This was a project initiated in collaboration with local telecoms operators and Internet service providers, and the launching ceremony was held at GAMTEL’s Serrekunda Exchange premises along Kairaba Avenue, where the Serrekunda Internet Exchange Point (SIXP) is located.
The SIXP establishes an internet exchange point that would keep internet traffic local, thereby reducing the pressure on costly international bandwidth.
The SIXP was officially launched by the AU Commissioner for Energy and Infrastructure, Dr. Elham Mahmood Ahmed Ibrahim, who was in Banjul to attend the ceremony, also attended by Works minister Bala Garba Jahumpa, who is overseeing MOICI.
Jahumpa in his keynote speech said national bandwidth had increased by more than 300 per cent since the commissioning of the ACE Submarine Cable in December 2012.
However, “it was still critical to establish an exchange point to minimize the burden on unnecessary international bandwidth being utilized by our local traffic, which is expensive”.
The Gambia government is aware of the role ICT plays in the economic development of the country, and has taken measures “in the area of policy and infrastructural development for ICT mainstreaming in our socio-economic development process”.
The Gambia is the fourth country in Africa supported by the African Union Commission to establish an internet exchange point, and thanked the AUC for the continued support.
Dr Ibrahim in launching the SIXP said AU leaders during their fourteenth ordinary session adopted a declaration to strengthen national programmes, and regional cooperation for the development and interconnection of broadband infrastructures, and deployment of regional government exchange points.
She cited the AU’s Programme of Infrastructure Development in Africa (PIDA) which has in its priority action plan to establish internet exchange points.
“Africa is currently paying overseas carriers to exchange intra-continental traffic on our behalf. This is both costly, as well as an inefficient way of handling inter-country exchange of internet traffic,” she said.
It was in this context that the African Union initiated the Internet exchange system project to keep intra-Africa internet traffic within the continent, by supporting the establishment of Internet exchange points in member states and regional internet exchange points in Africa.
“Indeed, many Internet exchange points in Africa are still in their formative stages, therefore the Ministry and the IXP stakeholders will need to continue working towards adding value to the Internet exchange point we have launched,” she went on.
Meanwhile, she announced that plans are underway at the AU Commission to issue a call for proposals to select government exchange points to be supported to grow into regional internet exchanges points.

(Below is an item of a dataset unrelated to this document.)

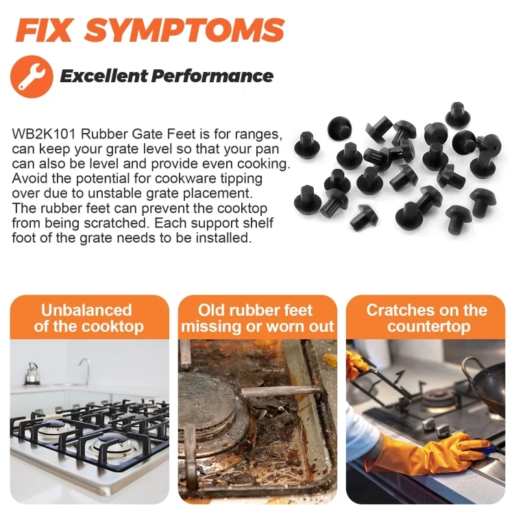 1. WB2K101 rubber door feet for stovetops keep your grates level so your pots are level as well and provide even cooking.

Sarjo Jallow, Gambia’s ambassador to Ethiopia and permanent representative to the African Union, also attended the ceremony in Banjul, and he reaffirmed Gambia’s full cooperation with the AUC in the development and modernization of the country.
Isatou Jah, chairperson of the national Internet Exchange Point committee said the SIXP was established on 25th July 2013 as a voluntary and non-profit charitable organization, with the goal of providing IP peering facilities for its members.
“For the past two years, the stakeholders in ICT in The Gambia, with support from the African Union Commission, ISOC, WARCIP and other International partners, have been working on establishing an Internet exchange point in the country”, Ms Jah announced.